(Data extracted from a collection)
▼

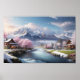 Winter Japanischer Sakura Baum mit Bergblick Poster
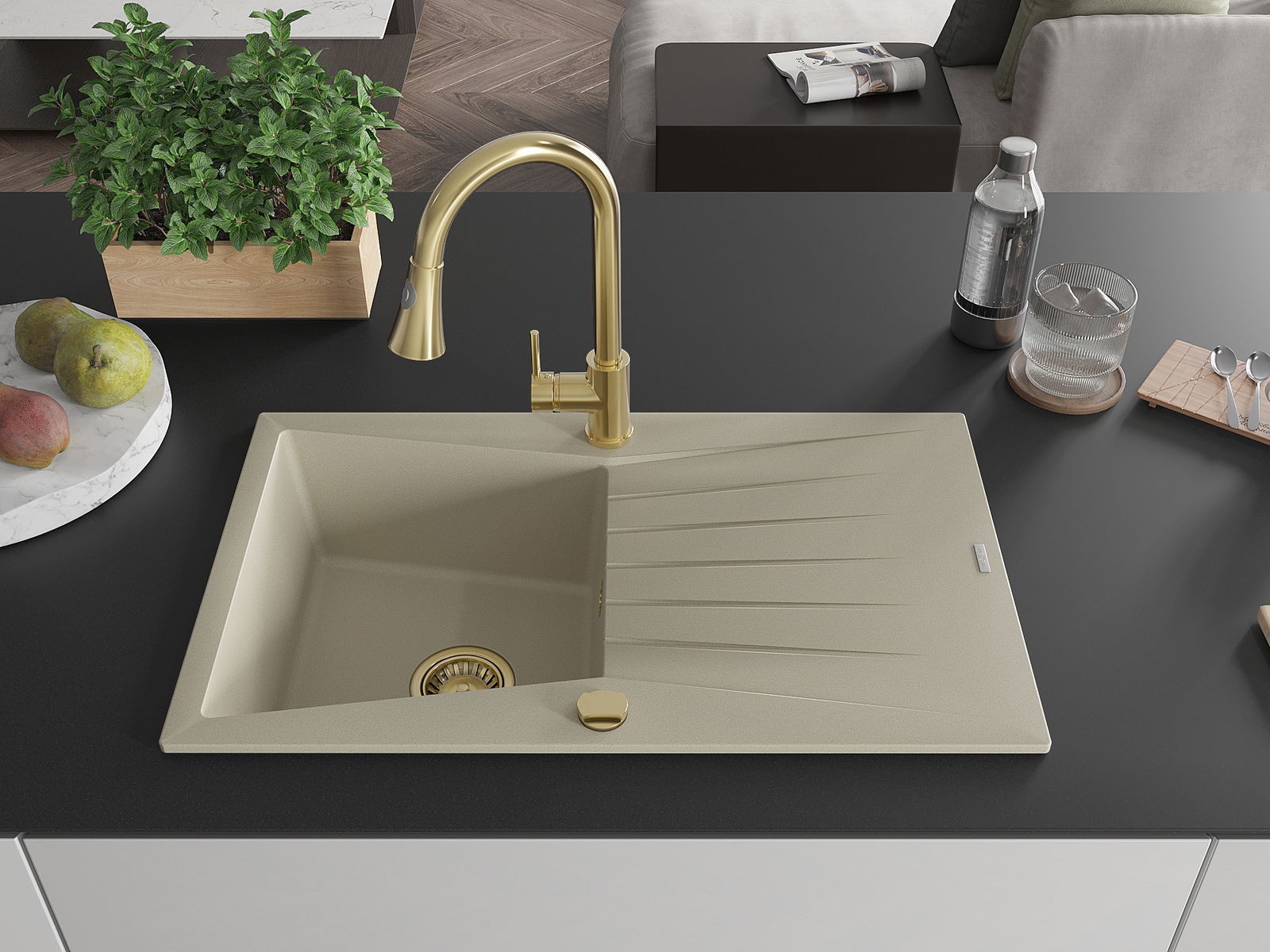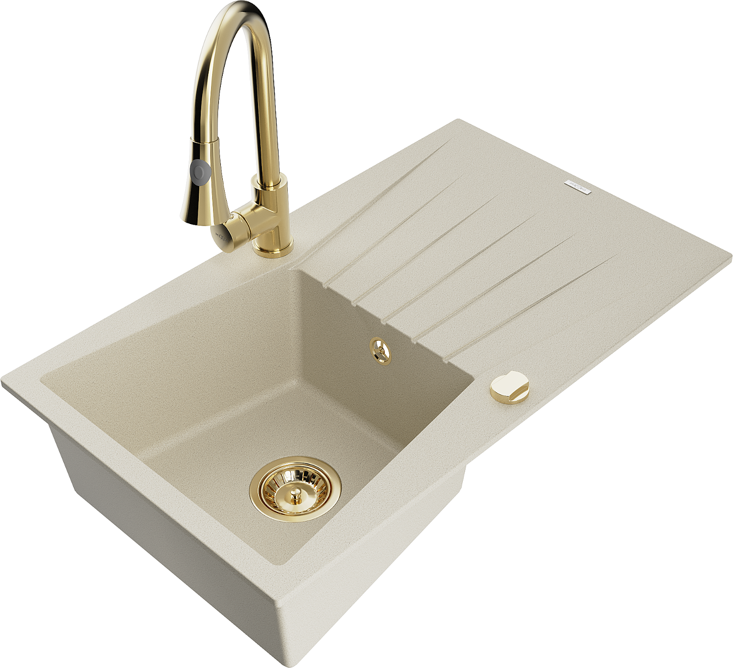 Mexen Cesar évier en granit 1 bac avec égouttoir et mitigeur de cuisine Elia, beige - 6514-69-670101-50
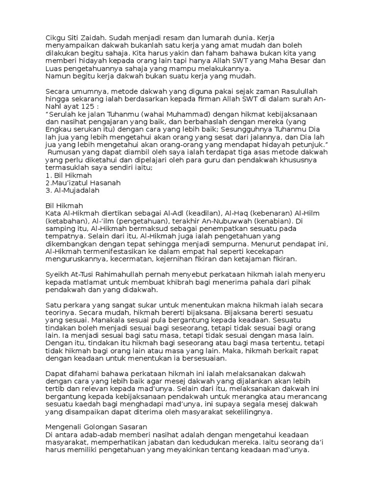 Hal ini dilakukan untuk memenuhi tujuan dari islam. Jika kita melihat kandungan ayat tersebut ada tiga tahap yang diajarkan al-Quran untuk berdakawah dengan baik. Cara Duduk Dalam Solat Yang Betul.
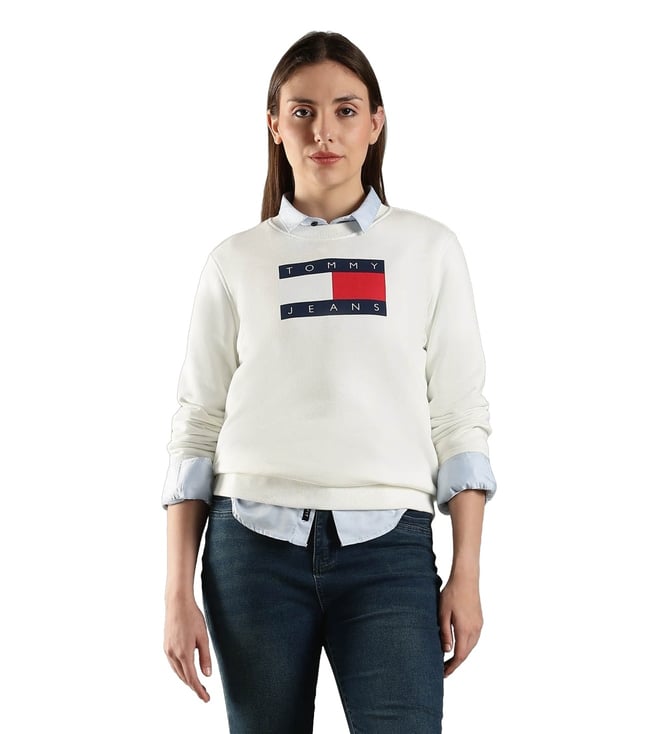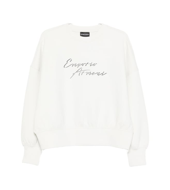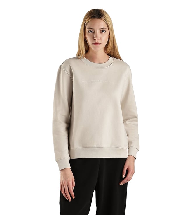 Off White Cotton Regular Fit Logo Printed Sweatshirt
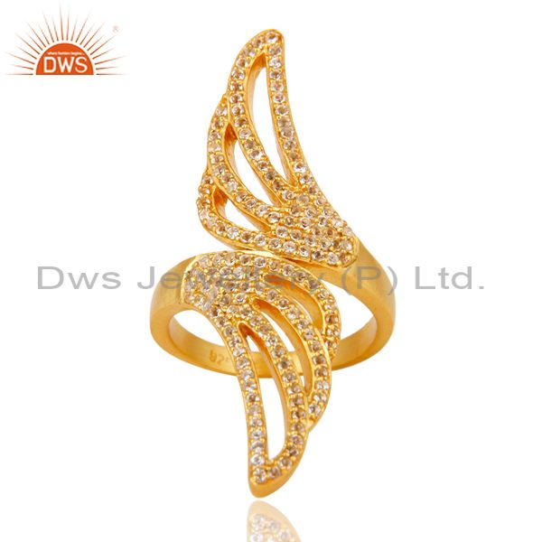 22K Gold Plated 925 Sterling Silver Handmade White Topaz Knuckle Design Ring
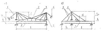 1 – оттяжка; 2 – подвеска; 3 – ванты; 4 – анкерная опора; 5 – пилон; 6 – балка жесткости;
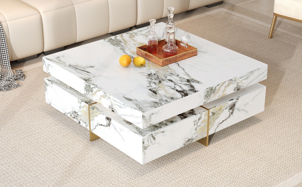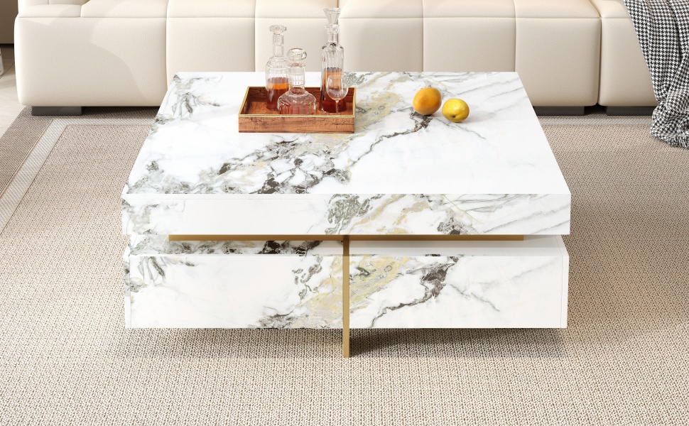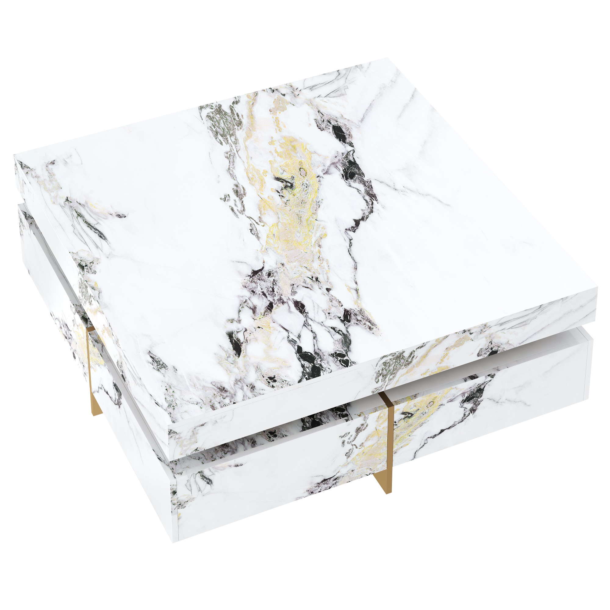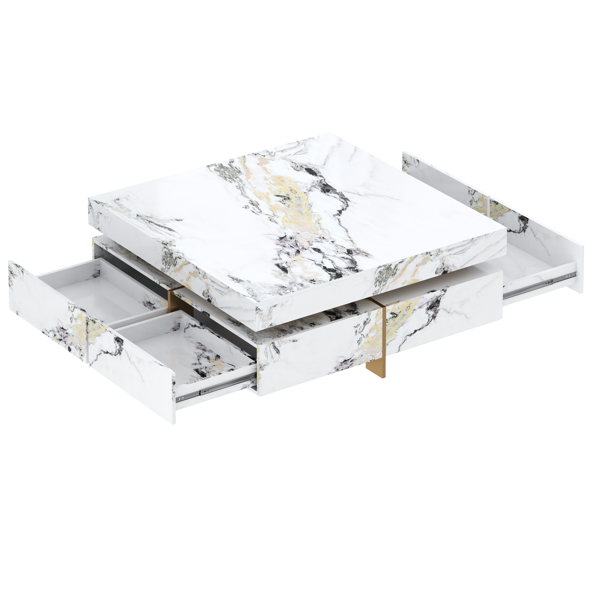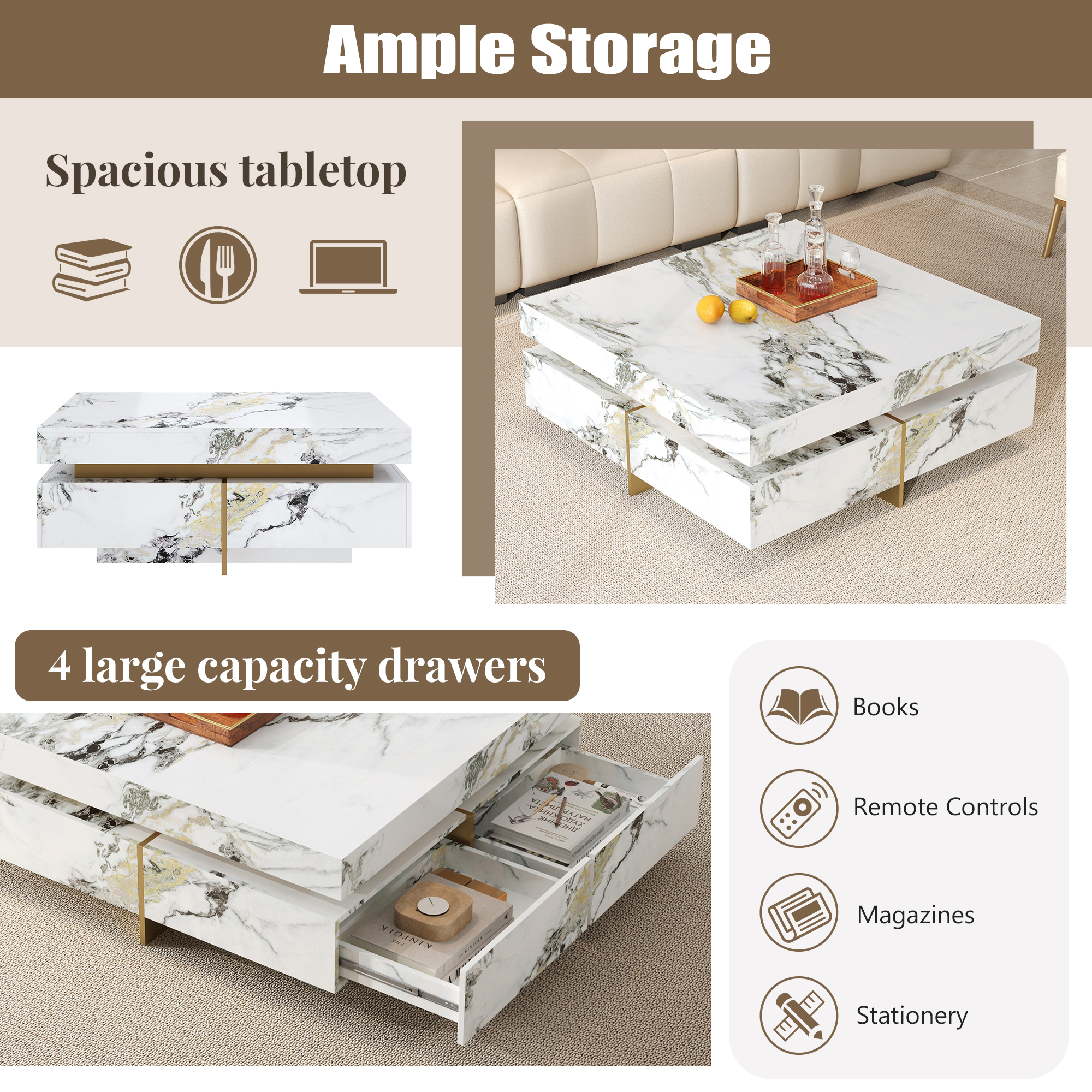 Product Name:Modern Square Marble Textured Coffee table with 4 Drawers and Suspended Base, White, 43.3"
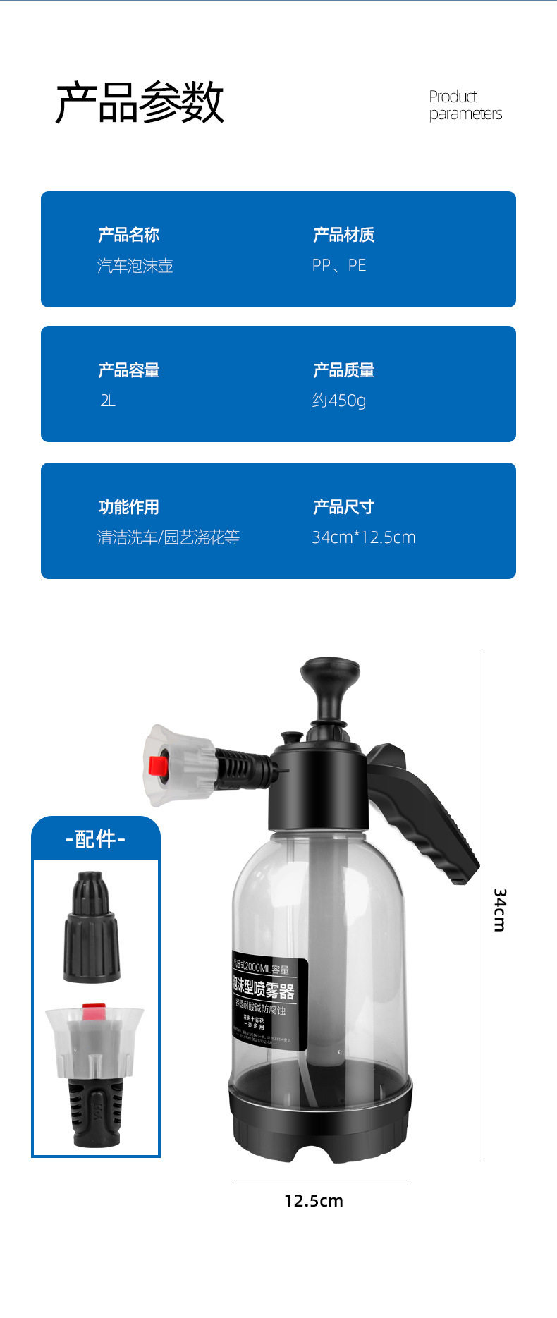 자동차 폼 스프레이 병 고압 핸드 스프레이 2L 대용량 가정용 스프레이 병 세차 청소 및 꽃 물주기 다기능 스프레이 병
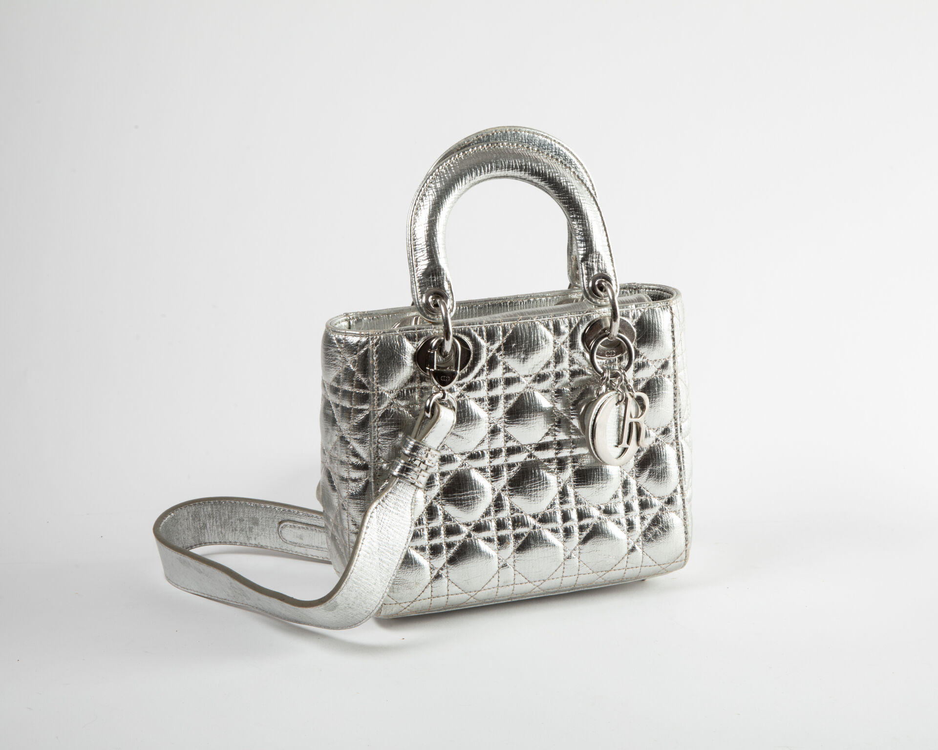 CHRISTIAN DIOR Sac Lady Dior en cuir matelassé argenté à deux anses et une bandoulière Traces de frottement et odeur de renfermé

▲

» **REQUIREMENT**
Copy exactly the lines from the line that contains "Hal ini dilakukan" through the last line of the records above, both ends included, but leave out the pictures.

» **RESPONSE TO THE EXERCISE**
 Hal ini dilakukan untuk memenuhi tujuan dari islam. Jika kita melihat kandungan ayat tersebut ada tiga tahap yang diajarkan al-Quran untuk berdakawah dengan baik. Cara Duduk Dalam Solat Yang Betul.
 Off White Cotton Regular Fit Logo Printed Sweatshirt
 22K Gold Plated 925 Sterling Silver Handmade White Topaz Knuckle Design Ring
 1 – оттяжка; 2 – подвеска; 3 – ванты; 4 – анкерная опора; 5 – пилон; 6 – балка жесткости;
 Product Name:Modern Square Marble Textured Coffee table with 4 Drawers and Suspended Base, White, 43.3"
 자동차 폼 스프레이 병 고압 핸드 스프레이 2L 대용량 가정용 스프레이 병 세차 청소 및 꽃 물주기 다기능 스프레이 병
 CHRISTIAN DIOR Sac Lady Dior en cuir matelassé argenté à deux anses et une bandoulière Traces de frottement et odeur de renfermé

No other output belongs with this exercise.